One of the main challenges in analyzing scRNA-seq datasets is to provide biological interpretations and annotations of the identified clusters. By comparing to existing, previously annotated datasets, this part of the analysis will be sped up. Much like blast for nucleotides, scmap will facilitate fast and accurate comparisons of newly found cells to an established reference. Moreover, a robust, fast and accurate method for comparing populations identified from different experiments will be a crucial component of the HCA and similar efforts to build scRNA-seq references as it will facilitate quality control and help ensure consistency across experimental samples.
Methods
Datasets
All datasets and cell type annotations were downloaded from their public accessions. All datasets were converted into scater25 objects. Details of the scater objects creation are available on our dataset website (https://hemberg-lab.github.io/scRNA.seq.datasets). In some datasets similar cell types were merged, namely:
In Deng17 dataset zygote and early2cell were merged into zygote cell type, mid2cell and late2cell were merged into 2cell cell type, and earlyblast, midblast and lateblast were merged into blast cell type.
All bipolar cell types of the Shekhar9 dataset were merged into bipolar cell type.

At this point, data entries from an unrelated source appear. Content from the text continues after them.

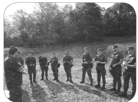
Höh Uof Anw in der KD Box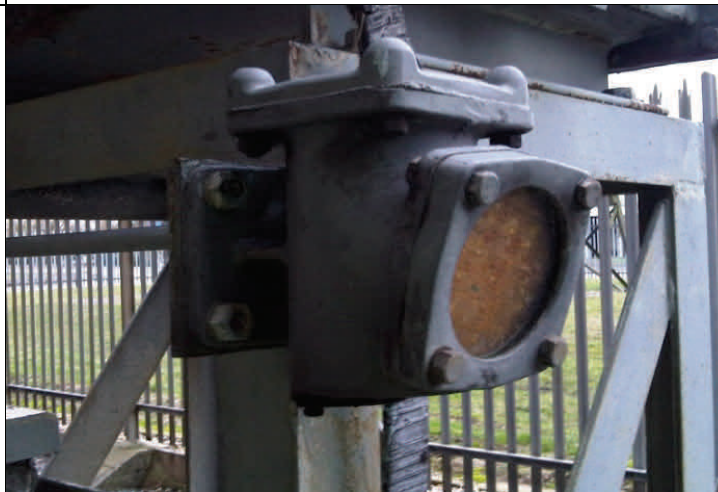
Ancien assécheur difficile à recharger.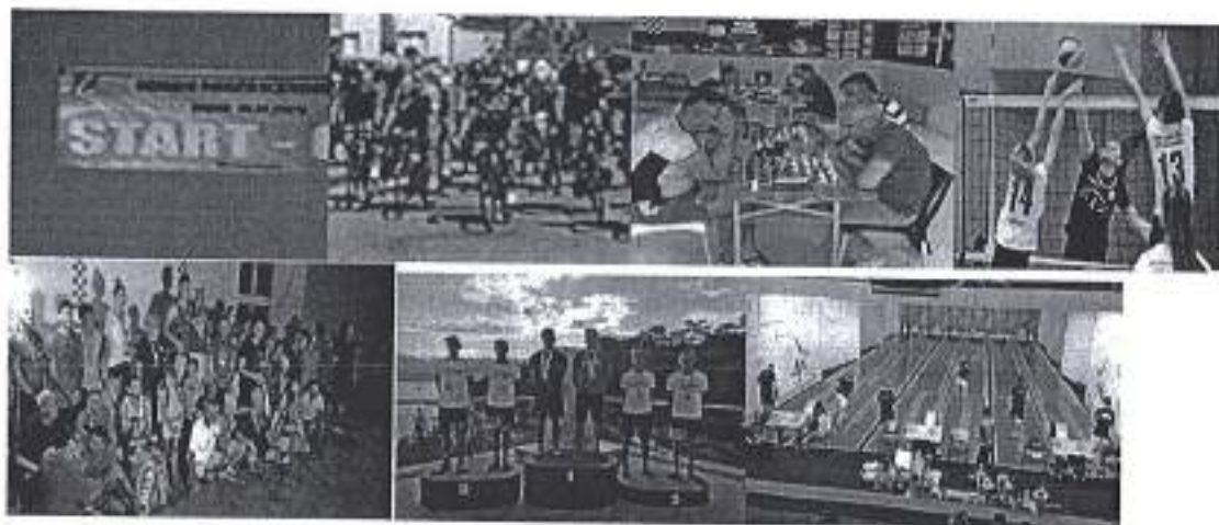
Slika. Sufinanciranje ostalih sportskih programa udruga - neplanirani troškovi kvalifikacija na državnoj razini i završnica državnog prvenstva

Predviđena je realizacija programa sredstvima u iznosu od 50.000 kuna, osiguranih Financijskim planom Športske zajednice za 2020. godinu, dok su izmjenama i dopunama sredstva iznosila 52.000 kuna, preostala sredstva su prenamijenjena u skladu sa Financijskim planom Športske zajednice za 2020. godinu.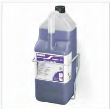
Soporte para garrafa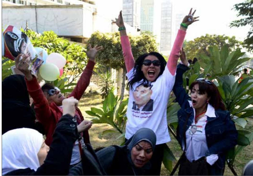
جاهر انتصار مبارك في التعبير عن الفرح بـ«براءة» ته، فيما قمع المعارضون (الناضود)

28 نوفمبر»، والاستفادة منه لدفع تعويضات أمنية كبيرة إلى الساحات، مسبقاً، لمواجهة متظاهرين خرجوا عبر «دعوة سلفية» ليست معادية للنظام بالقدر الذي تعاديه جماعة «الإخوان المسلمين»! أيضاً، تزامن ذلك مع تعزيز مكانة الرئيس المصري، عبد الفتاح السيسي، دولياً خلال الجولة الأوروبية الأخيرة. كما تبع الجلسة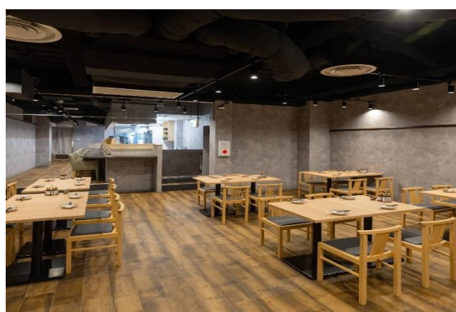
生産者直営 海鮮居酒屋 Rikusui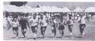
中学1・2・3年生による1,800メートルリレー(スタート)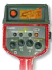
Radiocomando opzionale con visualizzazione digitale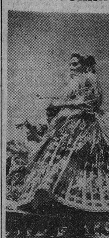
El Caudillo recibe a la Comisión de la Unión Nacional de Cooperativas del Campo

Durante las fiestas de verano que actualmente se celebran en Lausana, especialmente invitadas, cuatro grupos de danzas de la Sección Femenina de La Coruña, Barcelona, Cádiz y Yecla. Nuestra información gráfica recoge un momento de la actuación del grupo de Yecla.

In Yan19 dataset oocyte and zygote cell types were merged into zygote cell type.
Feature selection
To select informative features we used a method conceptually similar to M3Drop13 to relate the mean expression (E) and the dropout rate (D). Instead of modelling the relation between log(E) and D using Michaelis-Menten kinetics, we used a linear model to capture the relationship log(E) and log(D). After fitting a linear model using the lm() command in R, important features were selected as the top N residuals of the linear model (Fig. 1a). The feature selection is calculated for the reference only, and those genes absent or zero in the projection set are not used.
Reference centroid
Each cell type in the reference dataset is represented by its centroid, i.e. the median value of gene expression across all cells in that cell type.
Projection dataset
Projection of a dataset to a reference dataset is performed by calculating similarities between each cell and all centroids of the reference dataset, using only the selected features. Three similarity measures are used: Pearson, Spearman and Cosine. The cell is then assigned to the cell type which correspond to the highest similarity value. However, scmap requires that at least two similarity measures agree with each other, otherwise the cell is marked as “unassigned”. Additionally, if the maximum similarity value across all three similarities is below a similarity threshold (default is .7), then the cell is also marked as “unassigned”. Positive and negative control plots corresponding to Figs. 2 and 3 for different values of the similarity/probability (see SVM and RF) threshold (.5, .6, .8 and .9) are shown in Figs. S1-S3
SVM and RF
scmap projection algorithm was benchmarked against support vector machines26 and random forests27 classifiers from the R packages e1071 and randomForest. The classifiers were trained on all cells of the reference dataset and a cell type of each cell in the projection dataset was predicted by the classifiers. Additionally, a threshold (default value of .7) was applied on the probabilities of assignment: if the probability was less than the threshold the cell was marked as “unassigned”.
Conflicts of interest
None.
Acknowledgements
We would like to thank Tallulah Andrews, Guillermo Parada, and Florian Wünnermann for helpful discussions and feedback on the manuscript and for testing the cloud implementation of scmap.